- **Assignment**
Look below for the line containing "Silver Cross Necklace". Write out that line and the rest through the last one, exactly as they appear, but without pictures.

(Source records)
BEGIN

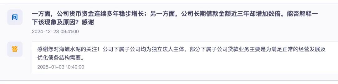 面对投资者的疑问,海螺水泥回应称,公司下属子公司均为独立法人主体,部分下属子公司贷款业务主要是为满足正常的经营发展及优化债务结构需要。
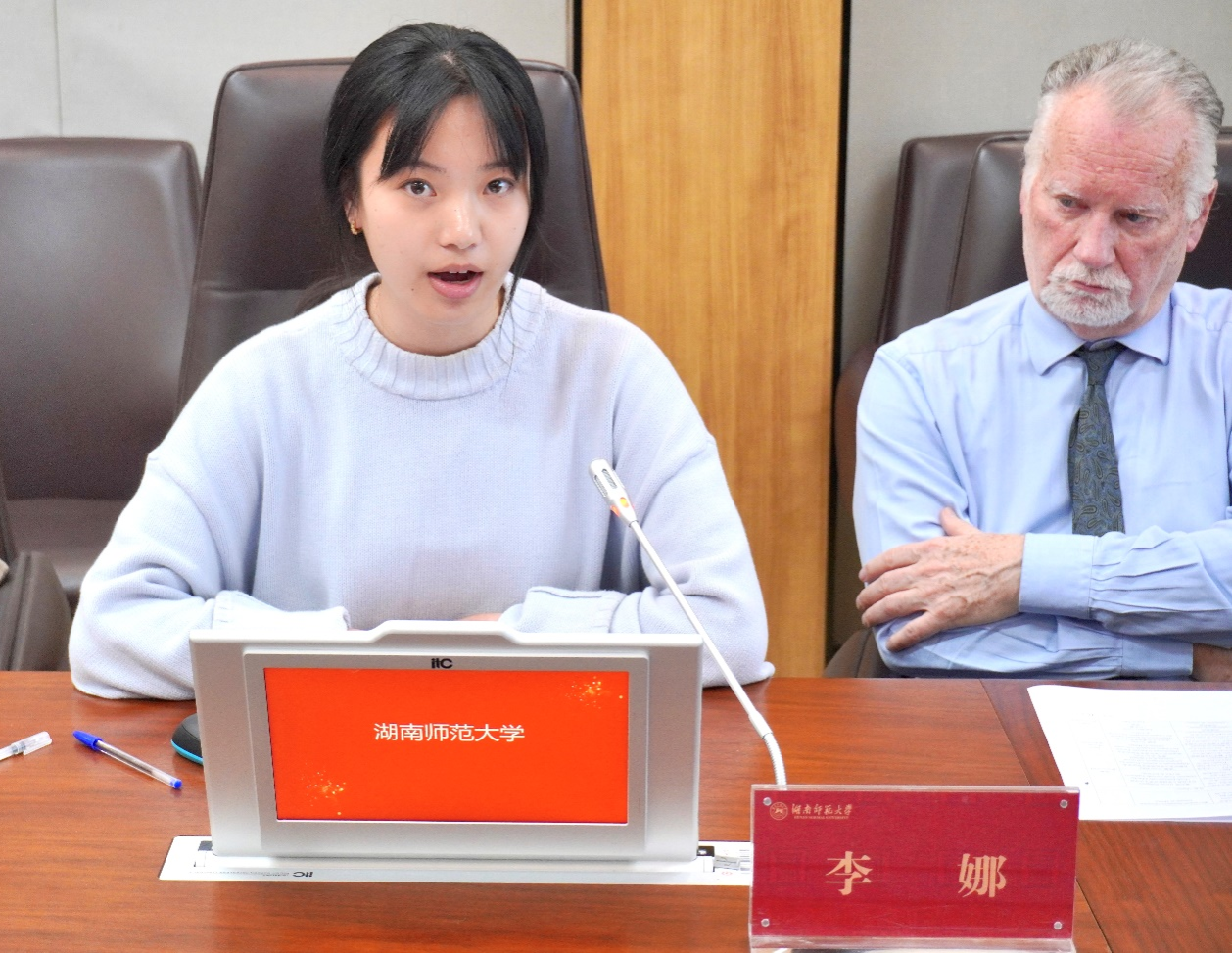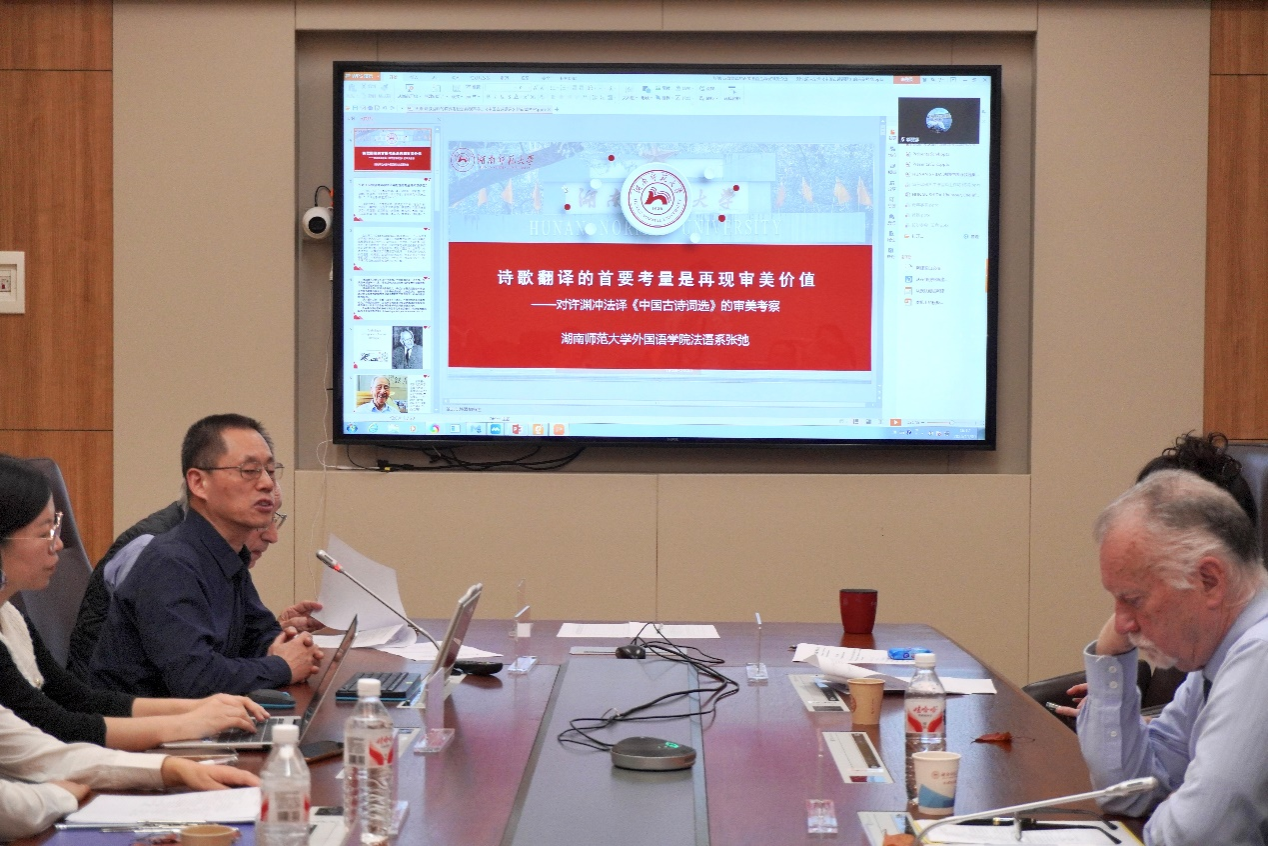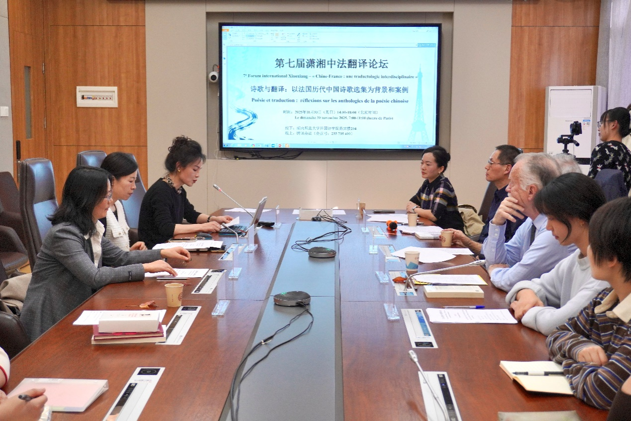 (通讯员 曾凌楷 陈丹 王淮星 仲佳洁)2025年11月30日下午,我院法语系主办的第七届“潇湘中法翻译论坛”顺利举行。本次论坛主题为“诗歌与翻译:以法国历代中国诗歌选集为背景和案例”(Poésie et traduction : réflexions sur les anthologies de la poésie chinoise)。论坛在湖南师范大学外国语学院腾龙楼204会议室与腾讯会议线上平台同步举行,湖南师范大学法语系师生、法国国立东方语言文化学院中文系、法国国家科学研究中心、中山大学、华东师范大学、首都师范大学、南京大学的专家学者以及国内外其他院校的师生,共60余人参加会议。
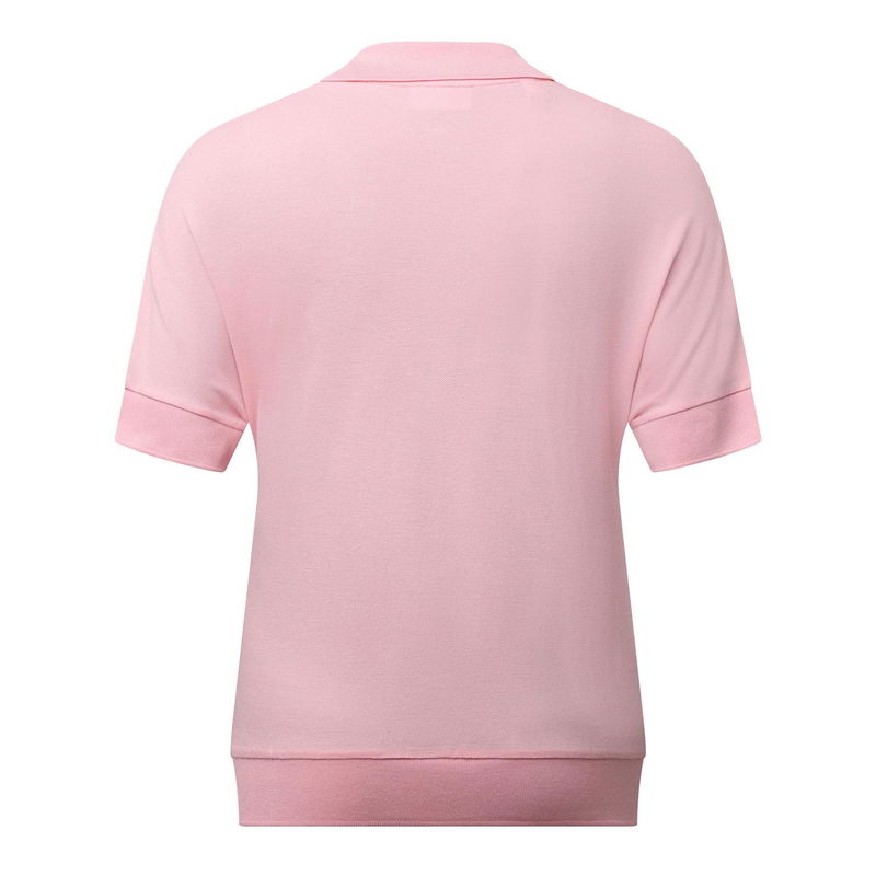Womens Lacoste Loose-Fit Polo Shirt in pink. Open unbuttoned V-neck collar. Short sleeves with ribbed cuffs.
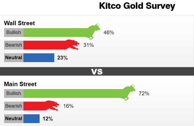 散户投资者则更加坚定地看好黄金的表现。Kitco的调查显示,在参与调查的1254名散户投资者中,72%的人预计金价会上涨,16%的人预计金价会下跌,12%的人持中性看法。这是自去年11月19日以来的最高参与率。
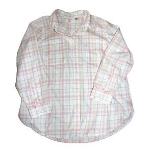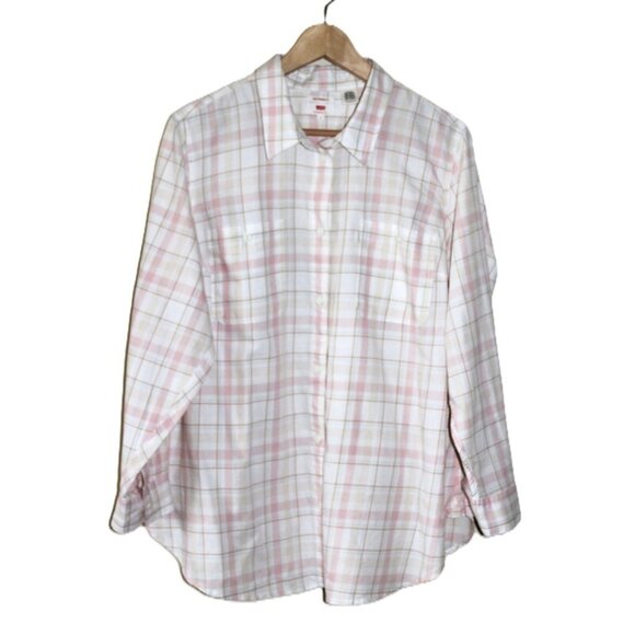 LEVI'S® Boyfriend Plaid Button-Up Shirt in Cream & Pink - Size 1X
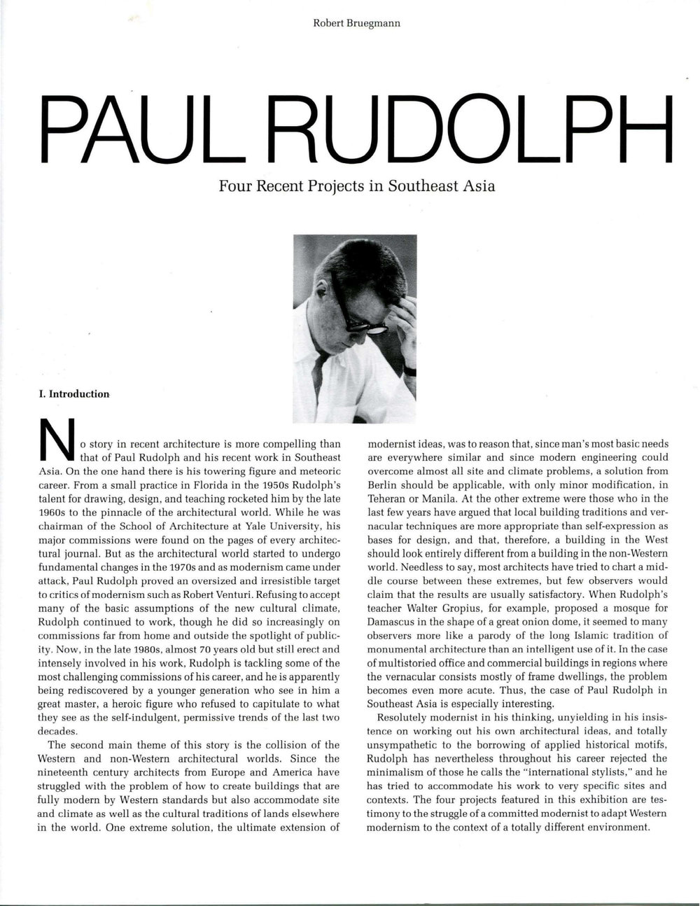 Resolutely modernist in his thinking, unyielding in his insistence on working out his own architectural ideas, and totally unsympathetic to the borrowing of applied historical motifs, Rudolph has nevertheless throughout his career rejected the minimalism of those he calls the "international stylists, " and he has tried to accommodate his work to very specific sites and contexts. The four projects featured in this exhibition are testimony to the struggle of a committed modernist to adapt Western modernism to the context of a totally different environment.
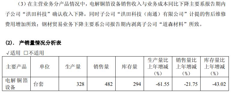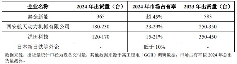 此外,上市公司洪田股份(603800.SH)是泰金新能的同行业可比公司,根据招股书披露,泰金新能2024年的出货量超过了洪田股份两倍以上,但是根据洪田股份此前发布的2024年年报,电解铜箔设备的销售量却高达482台,远超过了泰金新能在招股书中公布的数据。
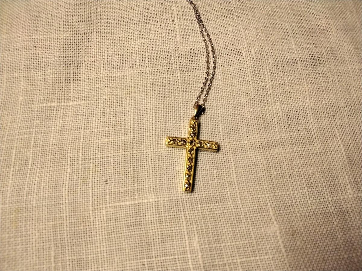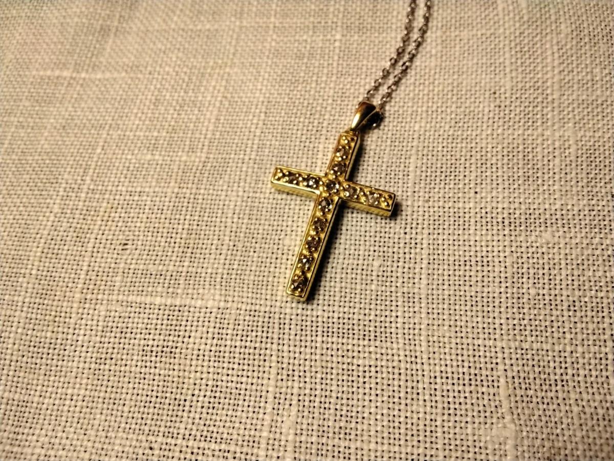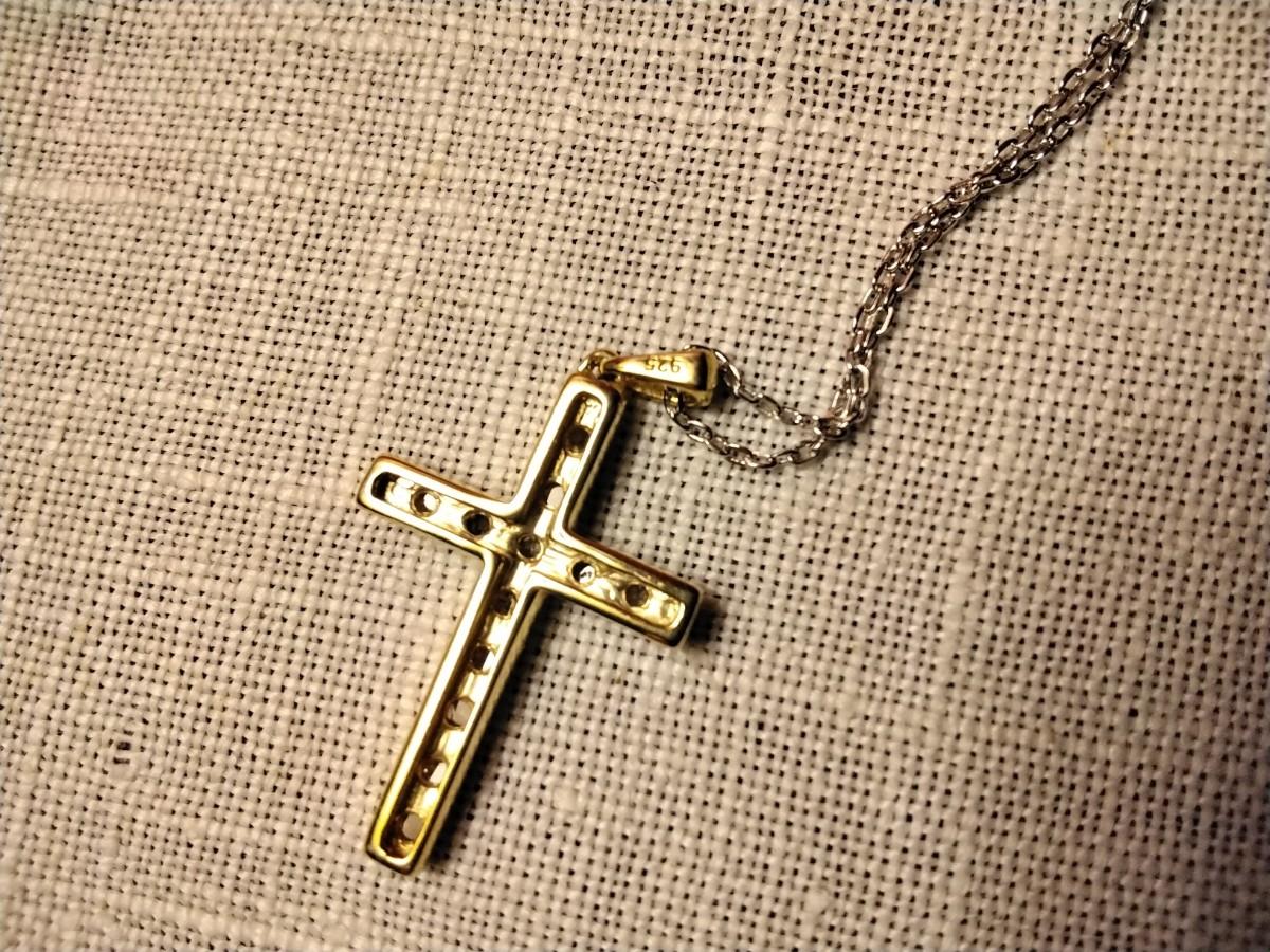 .52ctw H-SI Diamond 14K Yellow Gold 925 Sterling Silver Cross Necklace
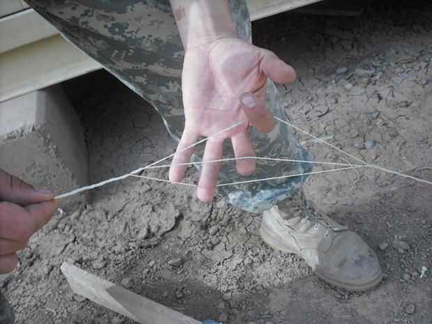 Ejecute la cadena con el extremo opuesto, alrededor del lazo y funcionar detrás otra vez. Hacer esto 3 o 4 veces hasta que al final de su cuerda de nylon en el extremo opuesto de donde empezó y asegúrese de dejar aproximadamente 8 pulgadas de holgura. Si parece que tienes 3 o 4 hilos de cable.

END

- **Output of the task**
 .52ctw H-SI Diamond 14K Yellow Gold 925 Sterling Silver Cross Necklace
 Ejecute la cadena con el extremo opuesto, alrededor del lazo y funcionar detrás otra vez. Hacer esto 3 o 4 veces hasta que al final de su cuerda de nylon en el extremo opuesto de donde empezó y asegúrese de dejar aproximadamente 8 pulgadas de holgura. Si parece que tienes 3 o 4 hilos de cable.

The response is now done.